[MATERIAL TO PROCESS Boundary: Start]

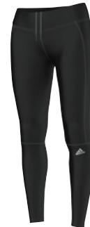
AA0617 deliv.06/15 re-order
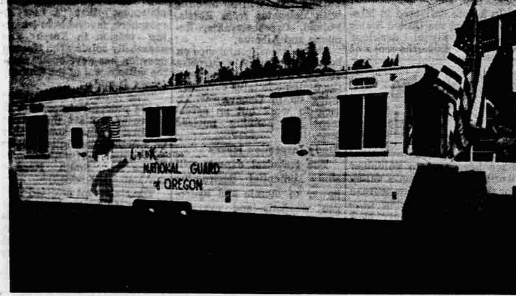
ON DISPLAY HERE —The Oregon National Guard display trailer, unique in the nation, will arrive in Medford to participate in this year's Veterans Day celebration Tuesday. The 35-foot trailer features a large scale model of the 41st Infantry Division's landing on the beaches of Zamboanga in the Phillipine Islands in 1945. Modern military equipment also will be shown. The exhibit has won nationwide recognition and imitation since it premiered this spring. The trailer will be on display at the First National Bank of Oregon, Medford branch, all day Tuesday.

The first Swedish settlement in America was made in 1638 on the lower Delaware river where the city of Wilmington is situated. Although no woman on record has ever visited the Antarctic, many of the regions around the South Pole are named for women.
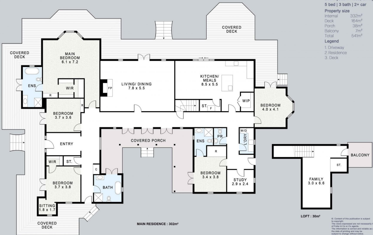
MAIN RESIDENCE : 302m 2
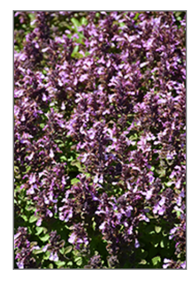
Pride Of Georgia Germander flowers

Pride Of Georgia Germander is an herbaceous evergreen perennial with a mounded form. Its relatively fine texture sets it apart from other garden plants with less refined foliage.
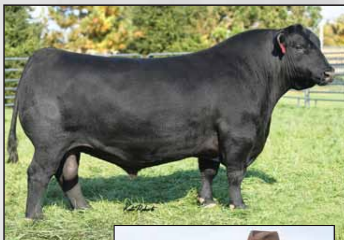
Above: Ellingson Homestead 6030, Lot 166's maternal brother.

Ellingson Frontiersman 9903 is a standout long-age bull that replicates his outstanding sire's fleshing ability, pounds and burly, stock-bull look. Expect Lot 166 to add pounds with his 103 nursing ratio and his 105 yearling ratio. His genomics solidified his actual performance projections, ranking him amongst the best in the breed. He is the natural-born son of a donor dam, EA Erica 1082, best known as the dam of Ellingson Homestead 6030, the $130,000 ST Genetics sire. She is a daughter of the legendary LT Territory 5824 of EA.
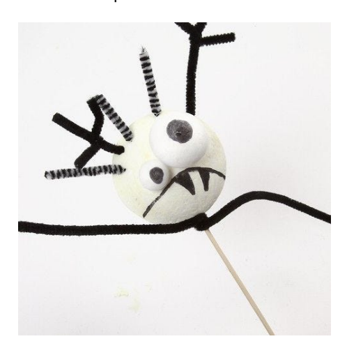
4 Variation: Make the eyes from two small polystyrene balls.
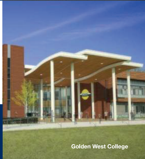
Golden West College

Construction of a new 51,969 square foot building at the center of campus which will house all student services. This project also includes the relocation of the existing main distribution frame (MDF) and other utilities prior to the demolition of the existing Library which has been underutilized since the construction of the new Learning Resource Center (LRC).
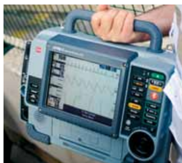
Dual-mode LCD screen with SunVue display
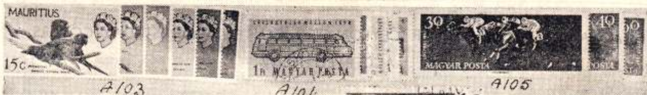
A 103 Mauritius Birds 3 values -/50
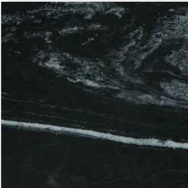
WHITE ON BLACK
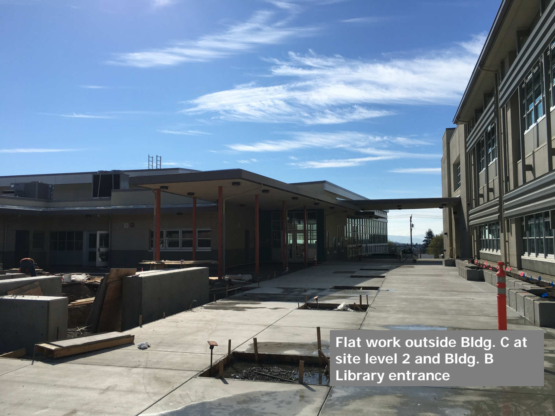
Flat work outside Bldg. C at site level 2 and Bldg. B Library entrance
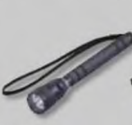
TWIN-TASK® 3AA LED pg. 122
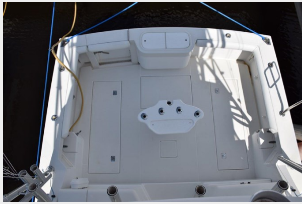
Cockpit view from tower
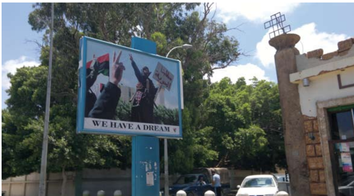
From the streets of Benghazi, Libya, June 2011.

concrete business models, which will keep new media outlets afloat in the long term. Some media actors also highlighted the lack of an independent printing facility as a challenge as well as a fear of the old mentality of controlling the media manifesting itself in the media environment.
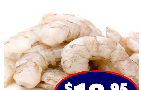
Prawn Meat 1kg 31/40
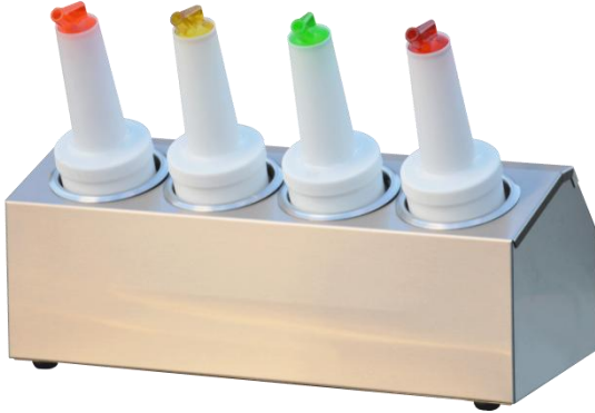
Model #: CC-LTC-4BR (Bottles not included)

See next page for a complete list of available models.
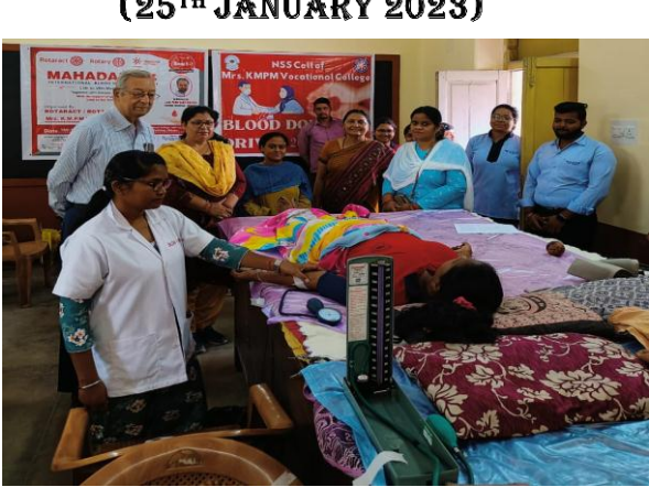
BLOOD DONATION CAMP (16TH MARCH 2023)
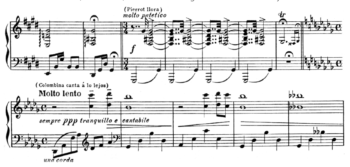
Example 3: Isasi, Carnaval, I. Canción a la Luna, mm. 76-87.

Evident immediately is that a kind of Commedia dell'arte narrative subtext is being played out. The melancholic music of "Pierrot" (the clown) uneasily shifts between various rhythmic underpinnings, seeming most comfortable in a kind of habanera, but eventually reaching an almost painfully dissonant climax, written in the score at this moment is the indication "Pierrot Ilora," which then limps into an indecisive trill. This entire episode is restated verbatim. Then, in a masterful stroke, Isasi introduces a new character, "Colombina," and the titular "song to the moon" is suddenly illuminated.
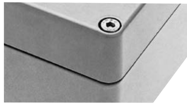
Socket-head cap screws

On request, BARTEC supplies all enclosures complete with terminals, cable entries, blanking plugs and other fittings and components.
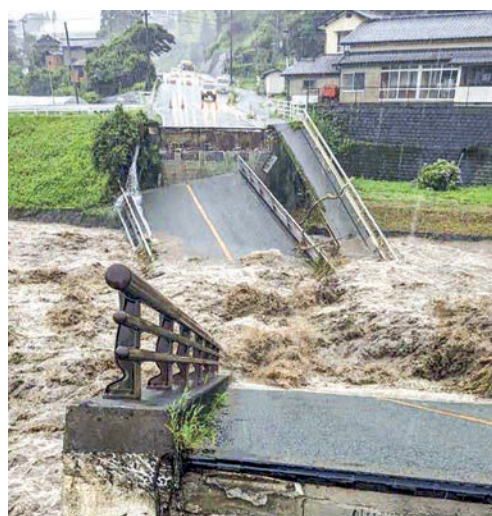
A bridge above a small river running through Yamato, Kumamoto Prefecture, collapses on 3 July 2023, due to heavy rain. (Photo courtesy of Yamato municipal government) PHOTO: KYODO

predicting a long stretch where daily temperatures would exceed 37 degrees Celsius (98 degrees Fahrenheit). — AFP
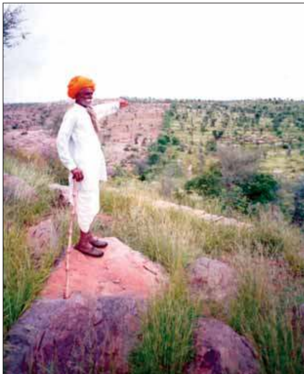
Figure 1. A villager showing the difference in vegetation on either side of the fence.

BAIF Institute of Rural Development, an NGO that is implementing the project here initially recognized the problem and engaged the community to discuss about what could be done to improve the situation. The people reciprocated positively and agreed to part with half of the common grazing area for rehabilitation. The village stakeholder community consisting of grazers, herders and farmers through panchayat , resolved to erect stone fence around the 45-ha grazing land and not allow any cattle to graze in that area. Thus the area was fortified with physical and social fencing. The stakeholders agreed to take up rehabilitation of the grazing land in half the area initially so that the other half was accessible to common grazing. Villagers contributed their labor to erect stone fencing, and construct soil and rainwater conservation structures to arrest runoff and increase infiltration. Over 200 staggered trenches, 290 percolation pits and 6 gully plugs were constructed across the grazing land. Once
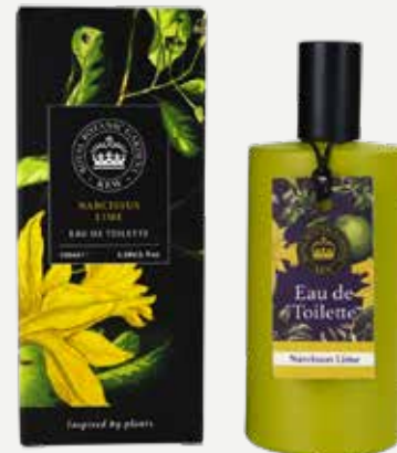
NARCISSUS LIME KGEDT015 | 100ML | #IN CASE: 2

[MATERIAL TO PROCESS Boundary: End]

_PROBLEM TO SOLVE_
Without the pictures, write out the lines from the beginning of the entries through the line with "Above: Ellingson Homestead".

_SOLUTION BELOW_
AA0617 deliv.06/15 re-order
ON DISPLAY HERE —The Oregon National Guard display trailer, unique in the nation, will arrive in Medford to participate in this year's Veterans Day celebration Tuesday. The 35-foot trailer features a large scale model of the 41st Infantry Division's landing on the beaches of Zamboanga in the Phillipine Islands in 1945. Modern military equipment also will be shown. The exhibit has won nationwide recognition and imitation since it premiered this spring. The trailer will be on display at the First National Bank of Oregon, Medford branch, all day Tuesday.

The first Swedish settlement in America was made in 1638 on the lower Delaware river where the city of Wilmington is situated. Although no woman on record has ever visited the Antarctic, many of the regions around the South Pole are named for women.
MAIN RESIDENCE : 302m 2
Pride Of Georgia Germander flowers

Pride Of Georgia Germander is an herbaceous evergreen perennial with a mounded form. Its relatively fine texture sets it apart from other garden plants with less refined foliage.
Above: Ellingson Homestead 6030, Lot 166's maternal brother.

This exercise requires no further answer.